Date: Wed, 14 Feb 2007 18:40:54 -0000
From: "Andrew Smith (I)"
Subject: RE: no boil water treatment

> For chlorine, add around 2 camden tablets per hectolitre.
> For hardness reduction you can add phosphoric acid.

Agree entirely for chlorine.chloramine but I cant agree with Phosphiric
acid in generl. It is fine if your HLT and Boiler are gas heated but I
would not recommend phosphoric at all for an electrically heated hlt or
boiler as the precipitate is Calcium Phosphate (IE BONE) and have you
ever tried removing bone from yopu elements (trust me from experience it
is not easy).
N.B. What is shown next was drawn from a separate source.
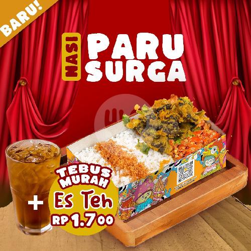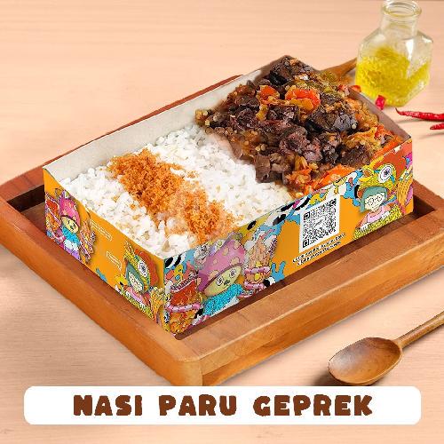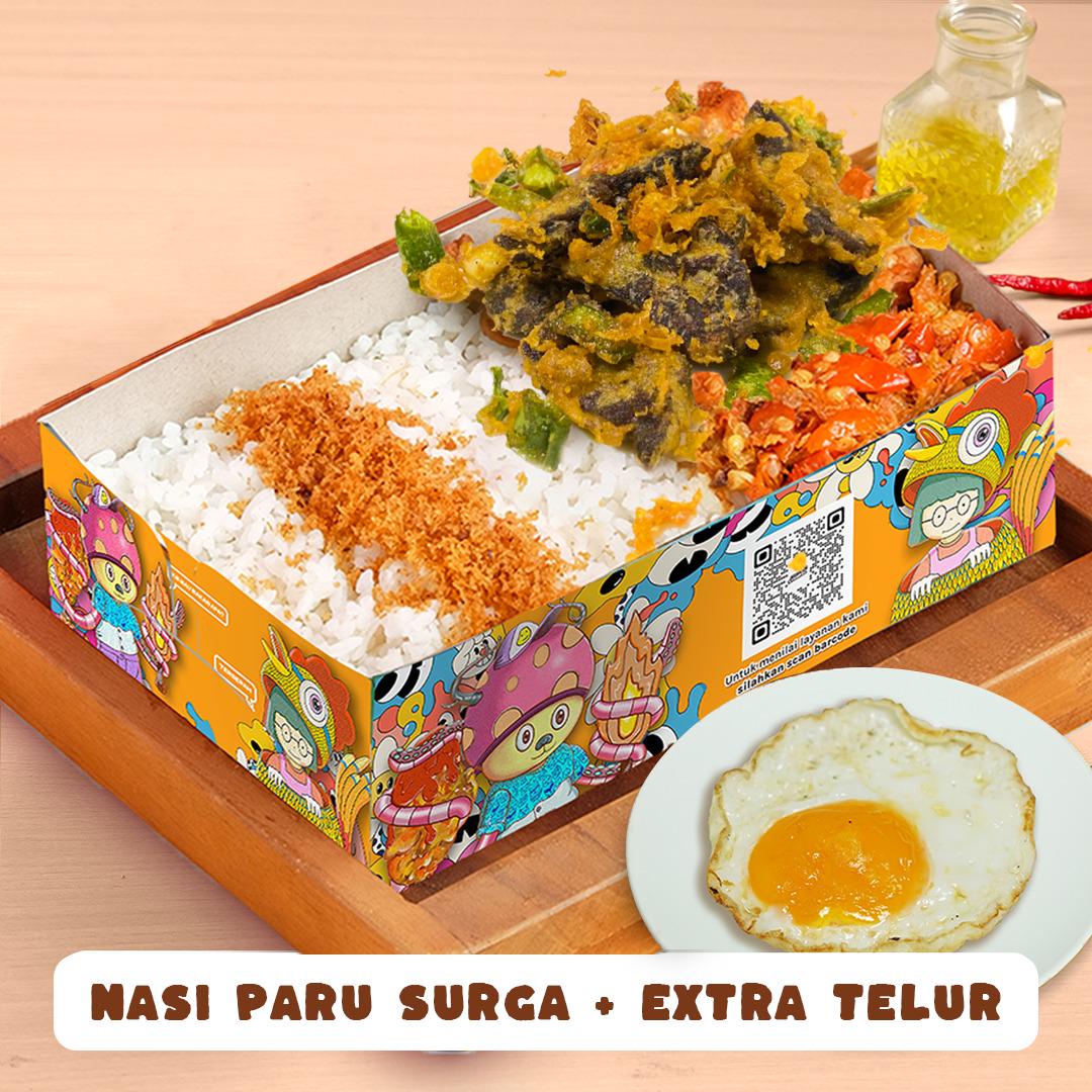 Nasi dipadukan dengan paru crispy serta topping kremes + sambal bawang + ekstra telur

If you hardness is not too high (say less than about
150ppm) you could use lkactic acid as calcium lactate is quite soft and
easily removable from elements with a light scrub. However best yto use
brupaks CRS which is a dilute mix of hydrochloric and suphhuric acids
which produces Calcium sulphate and calcium chloride both of which are
benificial and soluable to a high level so therefore no coating of
elements occurs at all

Andrew Smith (I)
Dan!

David Edge

Post by David Edge » Sat Sep 01, 2007 6:54 pm

I would not recommend phosphoric at all for an electrically heated hlt or boiler as the precipitate is Calcium Phosphate (IE BONE) and have you ever tried removing bone from yopu elements (trust me from experience it is not easy).
I remove it from mypu elements as follows:

remove element from HLT and it in a plastic jug wedged so that you can keep the bits you want cleaning wet and the sparky bits dry.

pour in hot water almost up to the line

add 15ml phosphoric acid

leave for an hour, come back rinse, put back in HLT.

Piece of the proverbial. I need to do it maybe every twenty brews at in the HLT.